#### [PROMPT]
Go through the data below and copy it exactly, skipping every picture.

#### [COLLECTED DATA]
^^^^^^^^

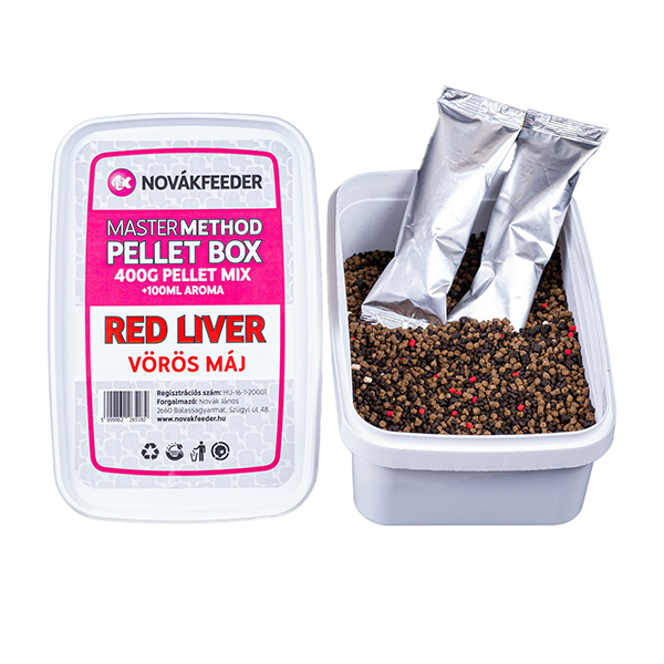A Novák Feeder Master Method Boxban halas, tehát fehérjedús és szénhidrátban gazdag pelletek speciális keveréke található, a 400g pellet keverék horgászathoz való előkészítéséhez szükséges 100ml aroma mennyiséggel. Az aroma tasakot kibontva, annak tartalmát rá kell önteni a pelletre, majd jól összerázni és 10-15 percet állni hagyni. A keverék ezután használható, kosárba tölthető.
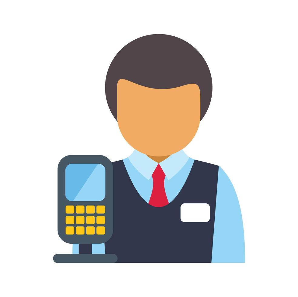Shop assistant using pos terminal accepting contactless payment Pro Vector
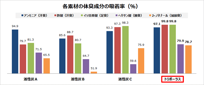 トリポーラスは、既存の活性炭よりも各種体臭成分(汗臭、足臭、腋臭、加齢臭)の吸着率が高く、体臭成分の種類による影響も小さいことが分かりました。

^^^^^^^^

#### [SOLUTION TO THE EXERCISE]
A Novák Feeder Master Method Boxban halas, tehát fehérjedús és szénhidrátban gazdag pelletek speciális keveréke található, a 400g pellet keverék horgászathoz való előkészítéséhez szükséges 100ml aroma mennyiséggel. Az aroma tasakot kibontva, annak tartalmát rá kell önteni a pelletre, majd jól összerázni és 10-15 percet állni hagyni. A keverék ezután használható, kosárba tölthető.
Shop assistant using pos terminal accepting contactless payment Pro Vector
 トリポーラスは、既存の活性炭よりも各種体臭成分(汗臭、足臭、腋臭、加齢臭)の吸着率が高く、体臭成分の種類による影響も小さいことが分かりました。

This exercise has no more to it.